INTERVIEWS

Harari: ‘If you want to make a country a colony, don’t send the tanks in. Just get the data out’

Harari: ‘If you want to make a country a colony, don’t send the tanks in. Just get the data out’

One of the foremost public intellectuals of our time, having gained global recognition with his best-selling books, the Israeli historian and academic Yuval Noah Harari came to Greece last Friday and participated in a panel discussion organized by “2020 Athens Democracy Forum” alongside the President of Microsoft Brad Smith and founder of CinqC. Kristen Davis.

After the discussion, Harari sat for an interview with Kathimerini in which he described in vivid colors the brave new world that is coming to us with an accelerated pace fueled by new technologies of digital connectivity, AI and biotechnology.

What makes this new world exciting and frightening at the same time is the fact that political power would be the catalyst that would make the future either a heaven of progress founded in liberal values or a nightmare of totalitarianism of a magnitude unheard in history.
 

Mr. Harari, thank you for being here and doing this interview.

Thank you for inviting me. It’s a pleasure being here.

In the Athens Democracy Forum we talked earlier about Democracy, AI, technology and so on. The first question is whether you think Democracy and the liberal order are under threat.

Yes, they are under threat. But then again Democracy is always under threat because it demands a lot of preconditions in order to thrive. Democracy is like a rare flower that can’t grow everywhere whereas dictatorship is like a weed where anywhere you throw it, it can grow. As for the liberal values, yes, they are under attack but we should also remind ourselves that they are actually more widespread and stronger than ever before in history. People don’t even understand what liberalism means. So, a simple test whether you are a liberal is to be asked and reply to three questions: First, do you think people should have the right to choose their own government instead of obeying a king? Second, do you think people should have the right to choose their own profession instead of just working for in the same thing their parents did – that means, your parents being peasants so you are a peasant. And third, do you think people should have the right to choose their own spouse instead of marrying whoever their elders or priests choose for them. If you answer “yes” to these three questions, you are a liberal. And today more people answer yes than in any previous time. Even the people who call themselves conservatives today are actually more liberal in their views than the radical liberals were a century ago.

Despite that, there is the feeling that the jungle is growing around, as [the historian] Robert Kagan says. There’s an abundance of conspiracy theories and mistrust of authority and democracy. How do you fight back against this?

You can fight it in so many ways.
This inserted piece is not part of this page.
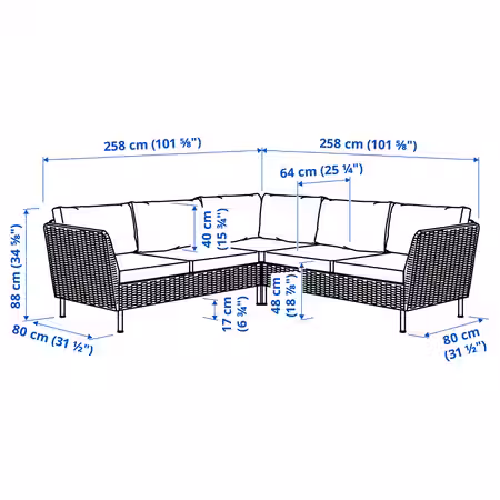 2-местный модульный диван, садовый Подробная информация о товаре Полезная информация SE-343 81 Älmhult, IKEA.com Сборка и документы Инструкции по сборке 105.102.99 NÄMMARÖ Секция модульного садового дивана 105.102.99 NÄMMARÖ Спинка садового модульного дивана 6

But if you focus on the issue of conspiracy theories, then you can’t fight it back just by bombarding people with scientific facts and statistics and so forth because humans think in stories, not in numbers. You need a good story. And it’s difficult because the truth is far more complicated and painful than the fictions. When you tell a completely fictional story you can tell a story that is simple. You can flatter people and they will like it. The truth is usually more complicated and painful. So, we need a bridge between the scientific world and the general population. I see my job as being part of that bridge, of taking the latest findings and discoveries of science and telling them in a way of being accessible and even fun for the general public to engage with.

You’ve written about a class of people that is going to be useless in the future because of AI and the improvement of technology. And the question I have is that there are people that are scared. They say the train of globalization is going too fast. They want to get off the train and so on. I wonder whether believing in conspiracy theories, not trusting politicians, not trusting science is their revenge in some way. 

In some way you can say it is a revenge. But it is a revenge that hurts them as much as anybody else. Just by believing some conspiracy theory will not stop the march of technology. It will not reverse globalization and it will not provide you with a job if you are unemployed. I think the big challenge we are facing – if you talk about the job market and the loss of jobs – is not that technology is completely destroying jobs. Technology is destroying jobs but it also creates other jobs. The problem is retraining and reinventing yourself. To stay in the game in the 21st century you will have to retrain and reinvent yourself, not just once in your lifetime but several times. And this is extremely difficult. Throughout history life was usually divided into two parts.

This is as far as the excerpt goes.